The Seven Wonders of the Ancient World were staggeringly audacious impositions on our planet. Incarnations of the beautiful, mournful, axiomatic truth of our species that we are compelled to make the world in our image and to modify it to our will. They were also brilliant adventures of the mind, test cases of the reaches of human imagination. This book walks through the landscapes of both ancient and modern time; a journey whose purpose is to ask why we wonder, why we create, why we choose to remember the wonder of others. I have travelled as the ancients did across continents to explore traces of the Wonders themselves, and the traces they have left in history. My aim has been to discover what the Seven Wonders of the ancient world meant to 'them'—to our relatives across time—and what they do and can mean to us.
The word wonder is pliable: wonder is both a phenomenon and a process. Wonders are potent because wondering helps us to realise that the world is bigger than ourselves. The wonderful generates interest, and frequently empathy, and that interest and empathy nourishes connection.
"Wonder is both a phenomenon and a process"
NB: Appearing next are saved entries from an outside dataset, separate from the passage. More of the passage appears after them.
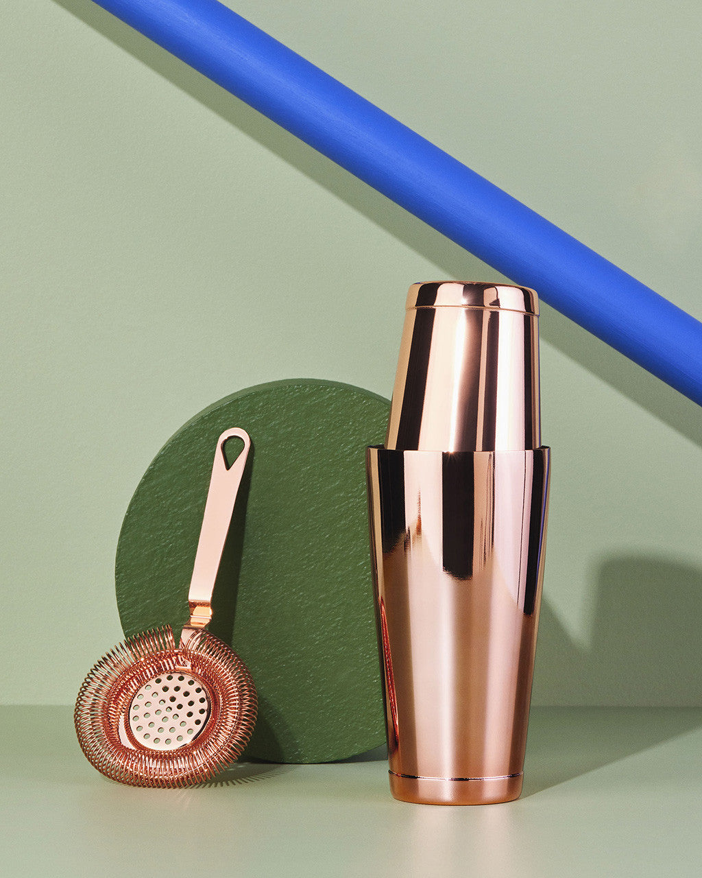 When you shake, you must strain. This set gives you 28oz and 18oz copper Toby tins for dripless shaking, or as a mixing vessels for stirring a Martini or Negroni over ice. Then, whether you shake or stir, you’ll want to strain that ice out with this fine Hawthorne strainer.
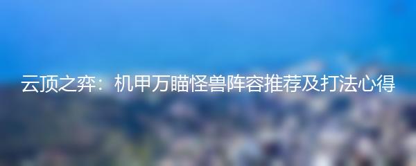 以上就是为大家带来的《云顶之弈:机甲万瞄怪兽阵容推荐及打法心得》。通过合理的阵容搭配和策略调整,相信你能在游戏中获得胜利!加油!
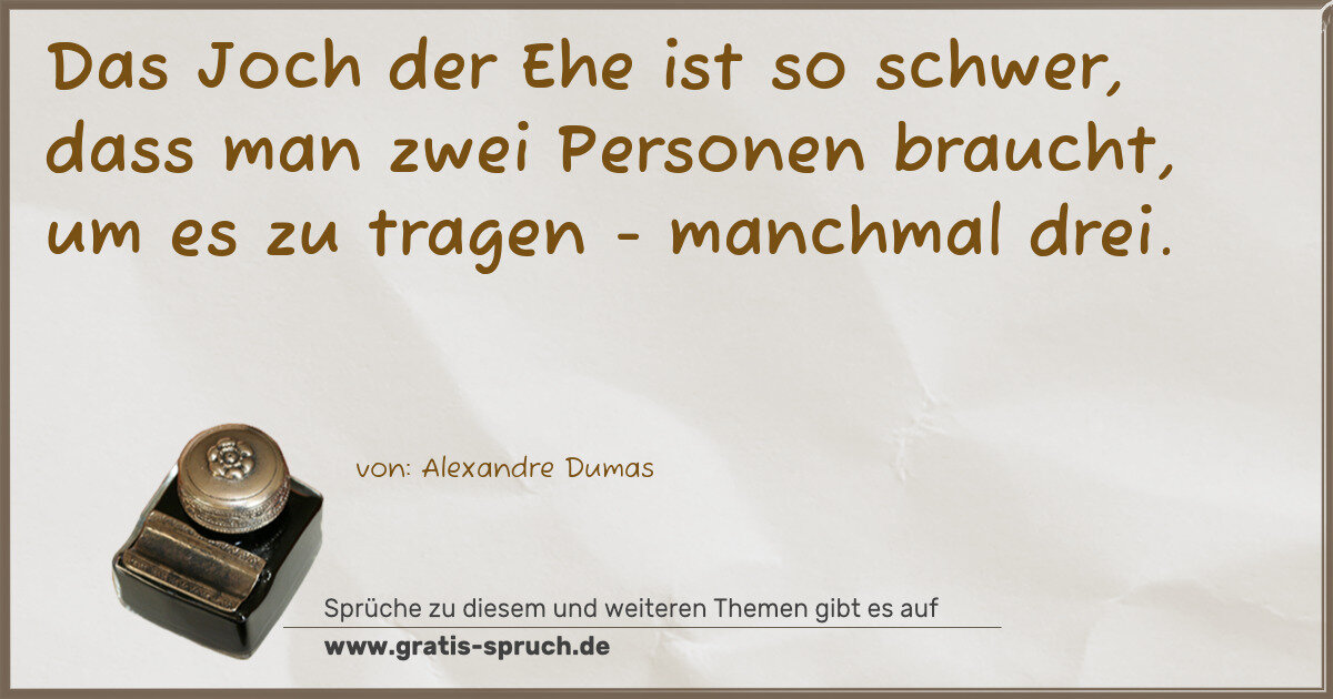 Das Joch der Ehe ist so schwer, dass man zwei Personen braucht, um es zu tragen - manchmal drei.
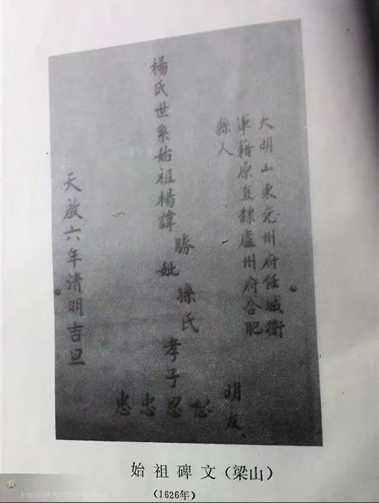 大明洪武十八年,杨氏始迁祖杨胜(济州卫指挥使),杨胜爷原籍庐州府合肥大隅首人,枪法神勇,护明太祖第十子鲁王檀就藩兖州府,定居梁山南杨家集。
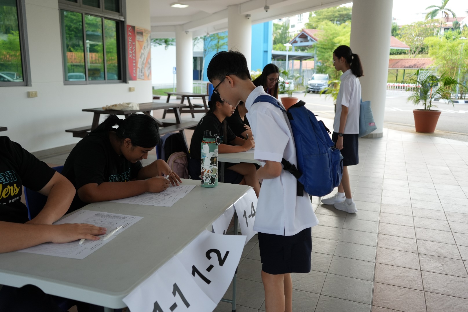 Sec 1 students registering their attendance at the registration booth |
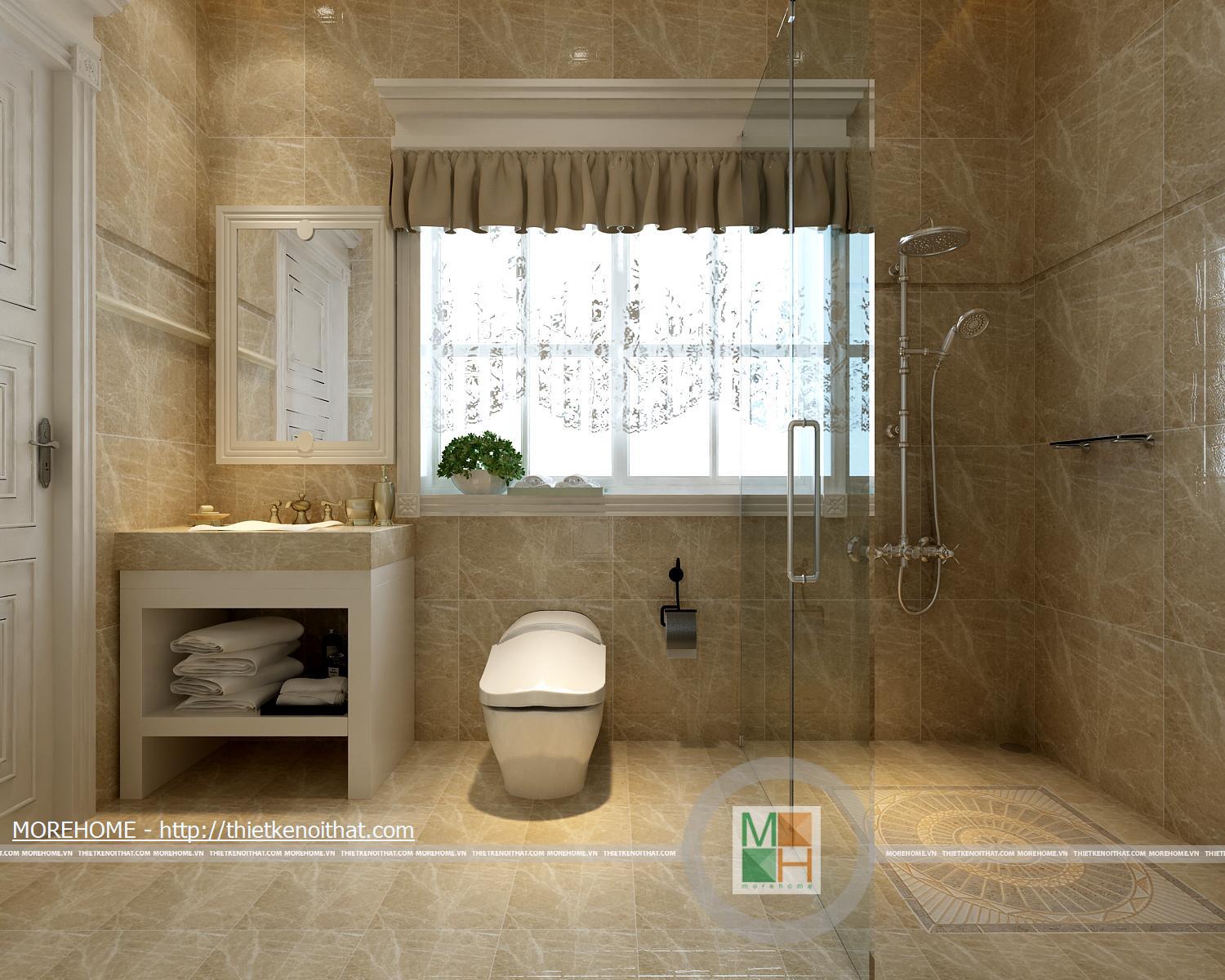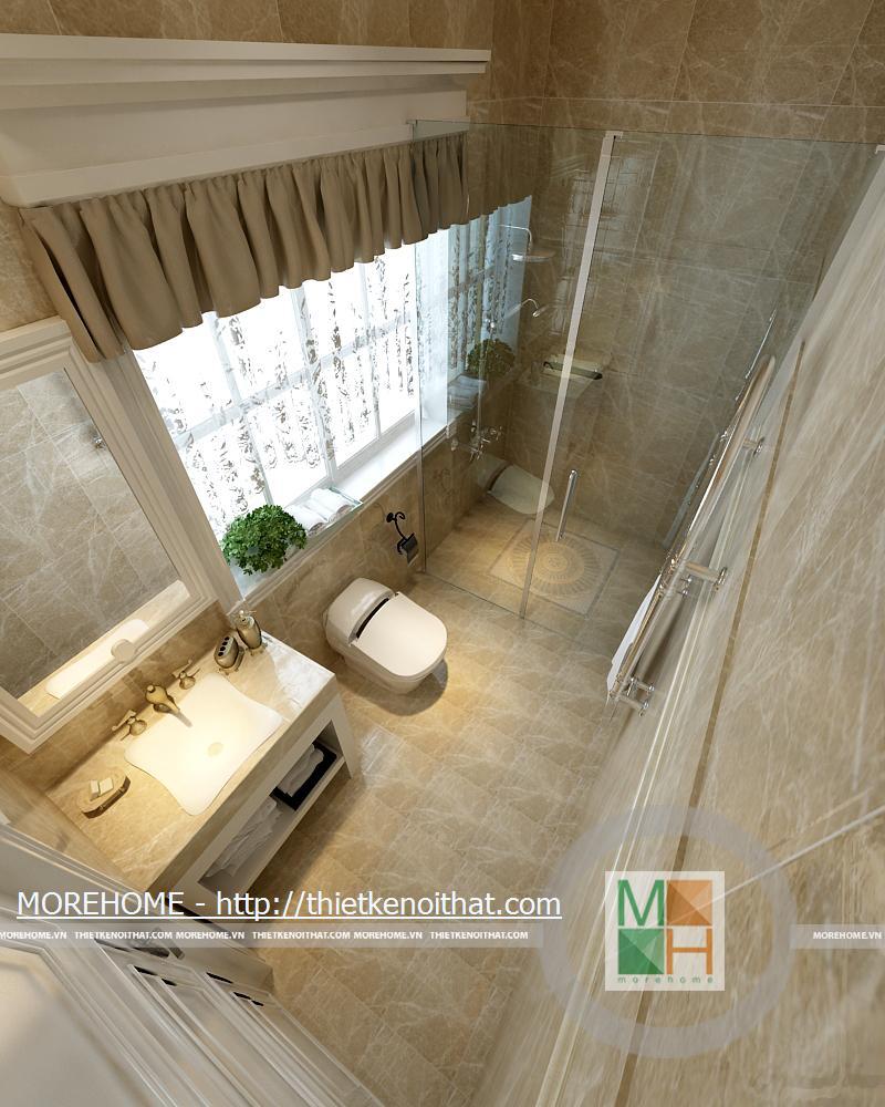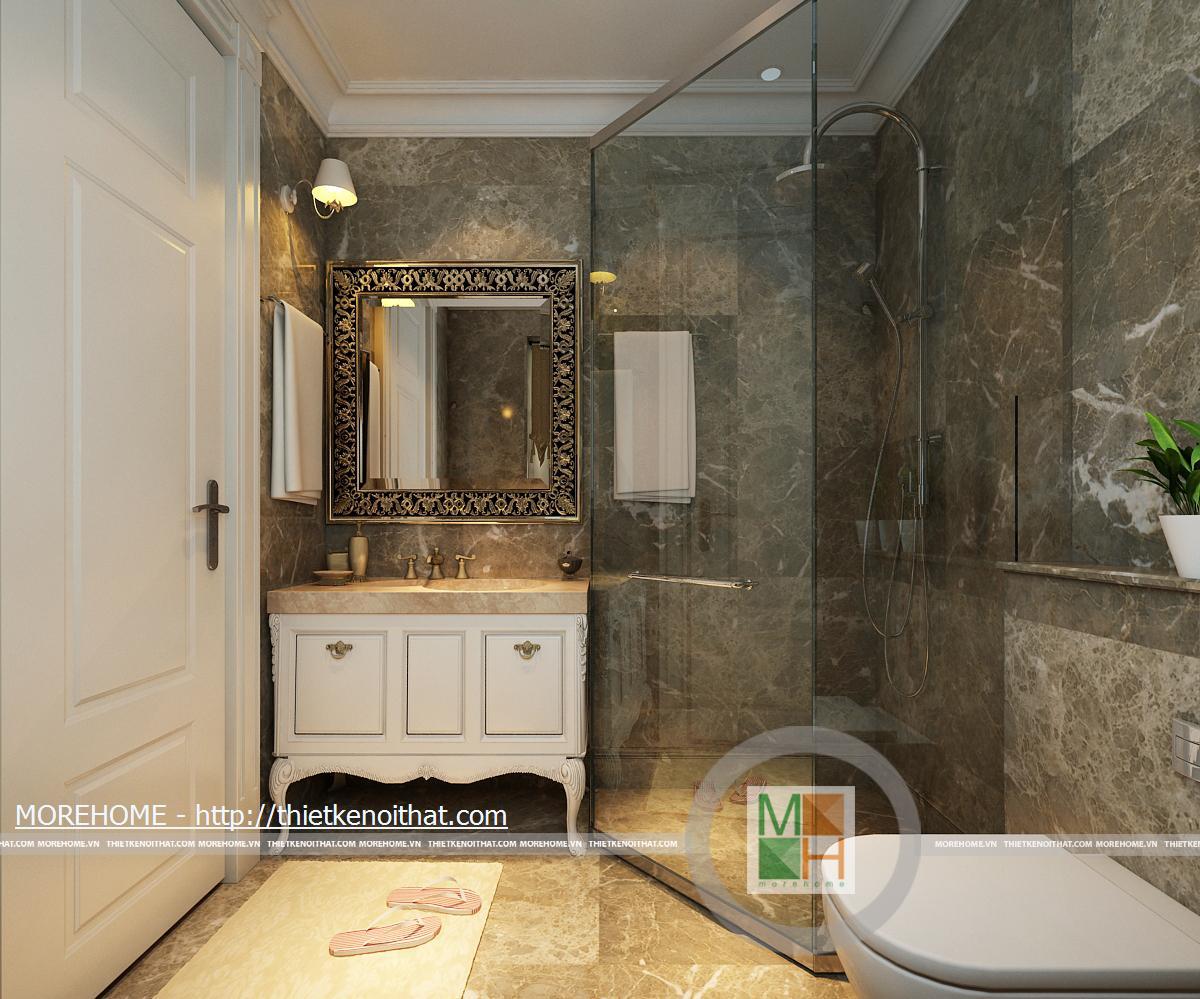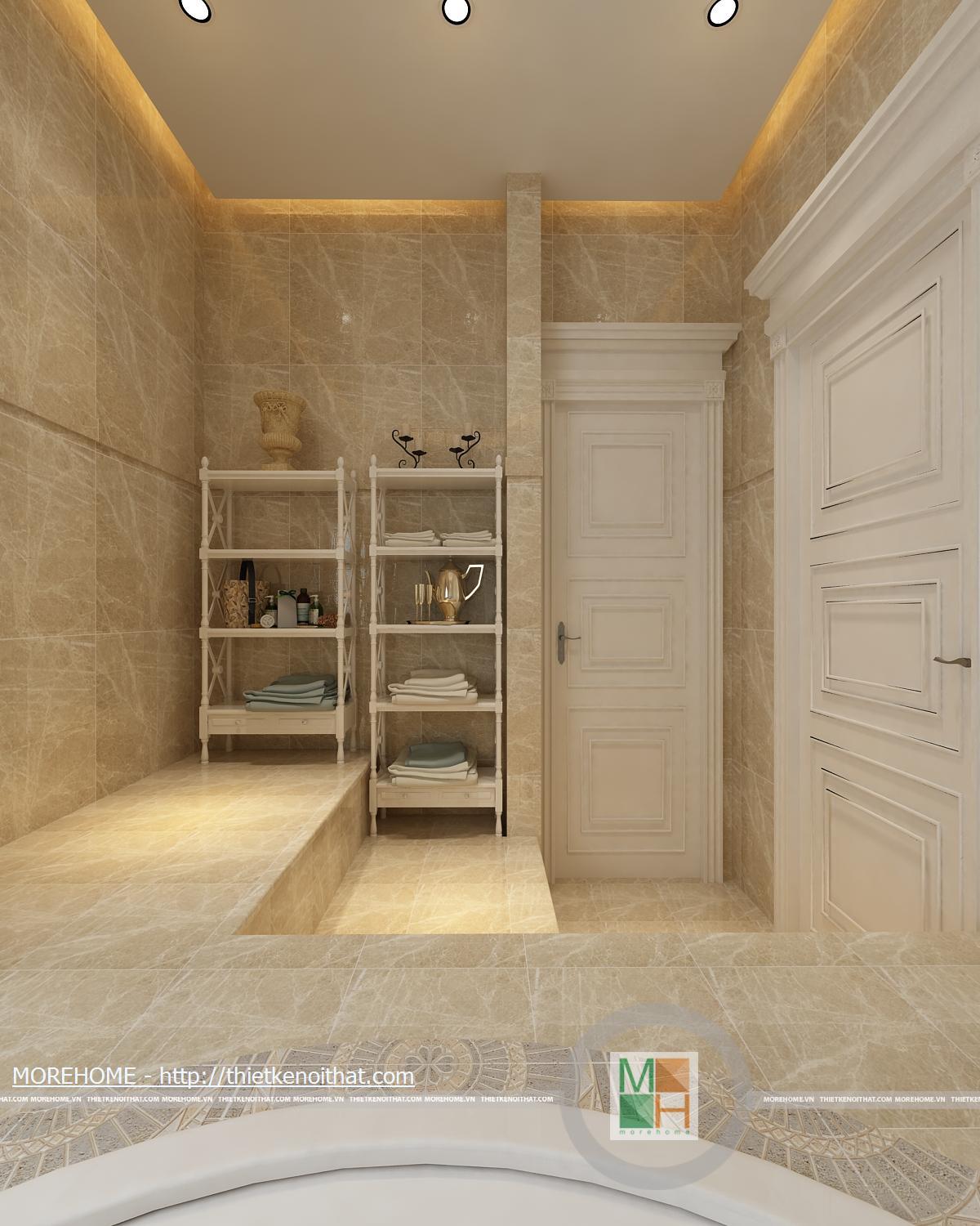 Phòng tắm lớn được trang bị bồn tắm cao cấp có diện tích rất rộng. Toàn bộ tường và nền được ốp đá tự nhiên màu sắc trang nhã. Trong phòng được kê một kệ dùng để vật dụng và đồ trang trí. Hệ thống ánh sáng trong phòng chủ yếu từ đèn âm trần và của sổ lớn hướng ánh sáng tự nhiên.
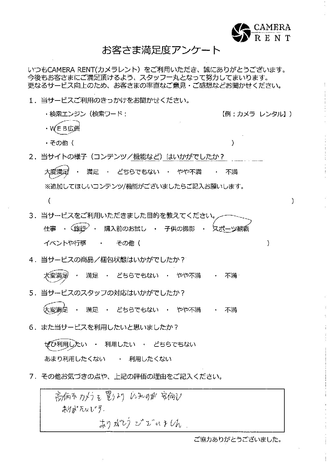 高価なカメラを買うより、レンタルの方が安価でありがたいです。
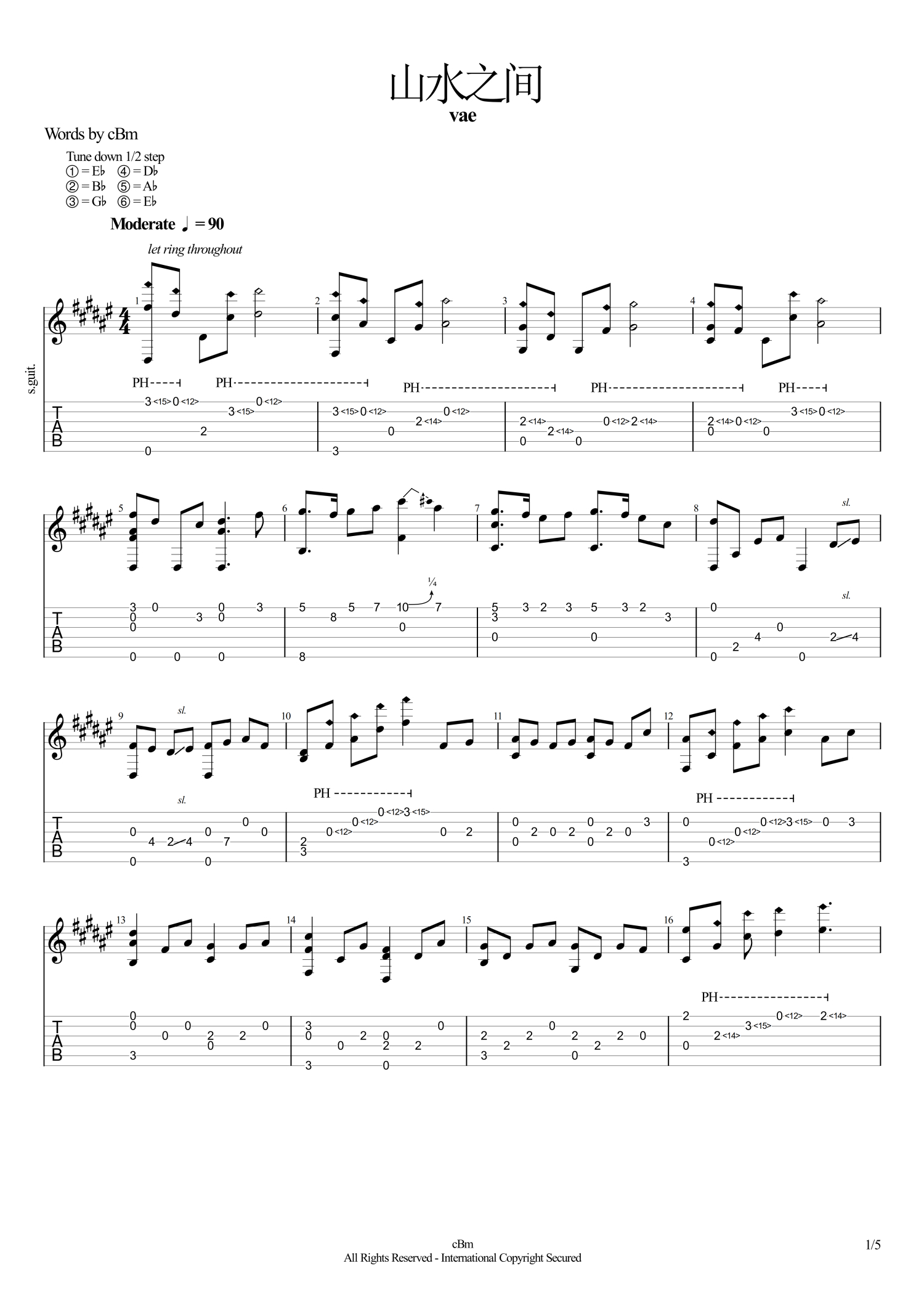 • 山水之间吉他谱 - 许嵩 - 吉他独奏谱第1张

We process and internalise these connections. Intellectually and emotionally, via the physical process of thought, we realise we are, truly, one world. So we seek wonders—natural, man-made, philosophical, scientific, whether they are near or far—as a socialising act.
How then do we collectively decide what is wonderful? 
One time-honoured way is to create Wonder-lists. There have been many wonders at many times. There are wonders of the ancient, the modern, the engineered and the natural worlds. At the last count, seventy monuments have been officially claimed as catalogued wonders of history. There is now a vogue for the nationalism of wonders—the Seven Wonders of Everywhere, from Azerbaijan to Zimbabwe, from Canada to Colombia. Spiritual too, the Seven Wonders of the Buddhist, Islamic, Hindu and Christian faiths have all been eagerly gathered together.
But there was one international wonder-selection which seems to have formed a blueprint for all others. The discovery, and indeed survival, of this fragmentary alpha-to-omega inventory is close to miraculous. Compiled in the second century BC, the earliest extant recording of a Seven Wonders of the World compendium was found on a scrap of papyrus used to wrap an ancient Egyptian mummified body."